Antibiotic resistance; Microbes; Disease; Cross-infection

Introduction

The alarming increase of resistant microbes (bacteria, viruses, fungi, protozoa) is today one of the biggest threats to both mankind and environment. This article will push for the use of avian antibodies as a replacement or complement to antibiotics and thereby diminish the development of antibiotic resistant microbes.

Antibiotic resistance and how to fight it

The big load of antimicrobials (antibiotics, antimycotics and antivirals) given both to man and animals is a threat to our environment with the menace to give a total imbalance between microbial species in humans, animals, plants, water and soil.

Antibiotics are today found ubiquitous in our environment in constantly growing amounts. Antibiotics are given to animals as “growth factors”-especially to piglets, calves and chickens-to avoid weaning diarrhoea and to promote growth [1]. It is forbidden in Europe since 2006 and also in some states in USA. But they are still used widely in other countries.
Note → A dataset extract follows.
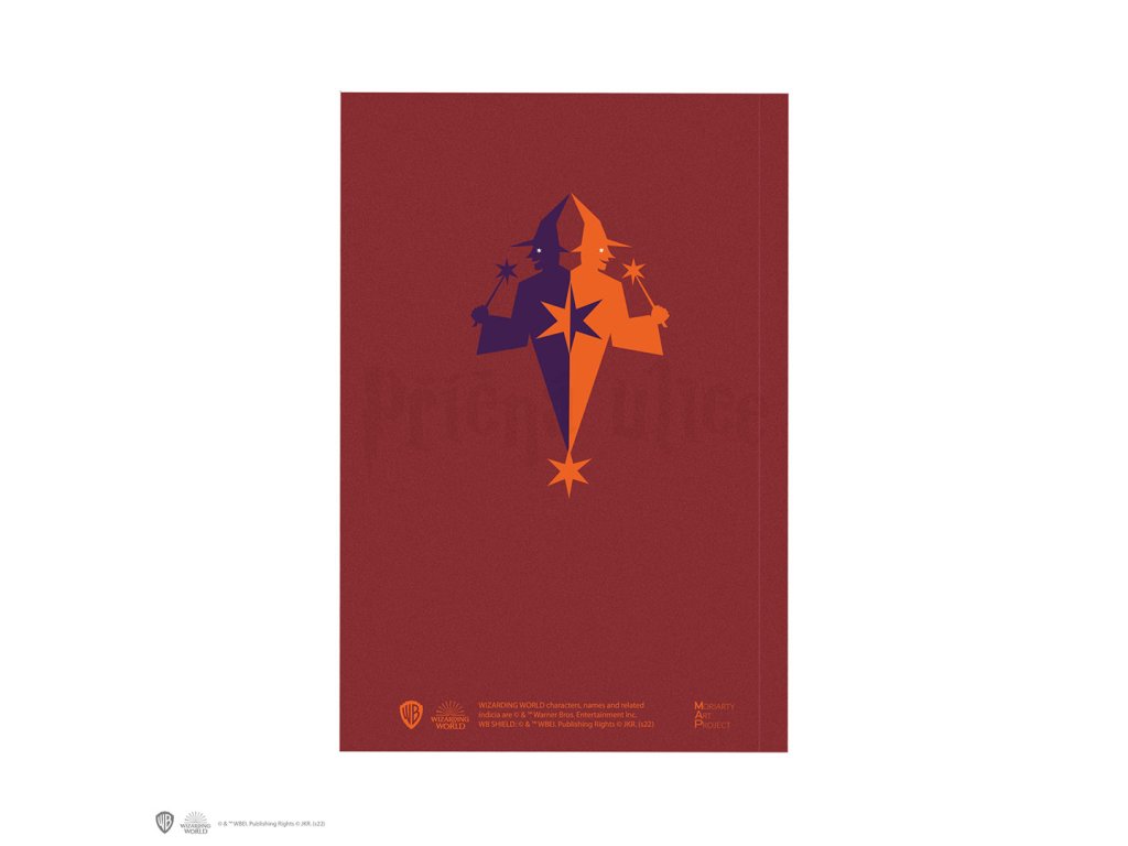 Linkovaný zápisník s postavou ze světa Harryho Pottera. 120 stran, na každé stránce je v rohu obrázek předmětu spojeného s postavou.

Antibiotics are distributed everywhere in animals and humans-blood, flesh, urine, faeces. Antibiotic contaminated flesh is eaten both by humans and animals. Antibiotics from animals and humans are excreted to the environment by urine and faeces. Antibiotic factories spread out tons of antibiotics from their plants. Unused antibiotics are thrown away. Soil and water are enormous reservoirs for antibiotics. Soil-dwelling microbes encounter a myriad of antibiotics mostly in low concentrations. Low concentrations do not kill bacteria, but they will evolve strategies to resistance. Multi resistant bacteria are found in excrements of birds far out in the wilderness of Greenland. Genetic spread of multidrug resistant bacteria is the biggest problem for propagation of antibiotic resistance. The gastrointestinal canal of humans and animals are “mating” places for bacteria to exchange their genetic material. Hospitals-especially intensive care unit (ICU) and new-born wards-are important domains for spread of genetic resistance. Cross-infections are the major impediment for the control of resistance.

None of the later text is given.